>>>>

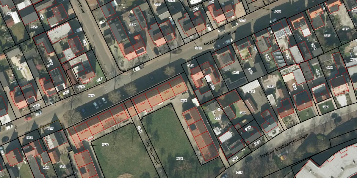 Het adres is gelegen op perceel 7525 in de sectie D en de kadastrale gemeente Rucphen. De kadastrale aanduiding is aldus RPN00-D-7525. Het perceel is 1030 m² groot. Dat is kleiner dan de gemiddelde perceeloppervlakte in Rucphen, dat op 4092,36 m² ligt. Het grootste perceel in de kadastrale gemeente is 43,3 ha. Het kleinste perceel heeft een oppervlakte van 0 m². Op het perceel liggen in totaal 12 adressen. De huidige grenzen van het perceel zijn digitaal in de Basisregistratie Kadaster (BRK) geregistreerd op 28-09-2009.
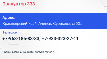 Эвакуатор 333 по адресу Красноярский край, Ачинск, Сурикова, ст531 в дальнейшем Организация, размещена в следующих категориях:
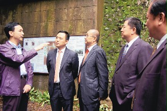大陸富豪考察團在后慈湖軍事隧道前聽取解說。

<<<<

→ **Work required**
Copy all the material above exactly, but skip each image.

→ **Solution to the exercise**
 Het adres is gelegen op perceel 7525 in de sectie D en de kadastrale gemeente Rucphen. De kadastrale aanduiding is aldus RPN00-D-7525. Het perceel is 1030 m² groot. Dat is kleiner dan de gemiddelde perceeloppervlakte in Rucphen, dat op 4092,36 m² ligt. Het grootste perceel in de kadastrale gemeente is 43,3 ha. Het kleinste perceel heeft een oppervlakte van 0 m². Op het perceel liggen in totaal 12 adressen. De huidige grenzen van het perceel zijn digitaal in de Basisregistratie Kadaster (BRK) geregistreerd op 28-09-2009.
 Эвакуатор 333 по адресу Красноярский край, Ачинск, Сурикова, ст531 в дальнейшем Организация, размещена в следующих категориях:
大陸富豪考察團在后慈湖軍事隧道前聽取解說。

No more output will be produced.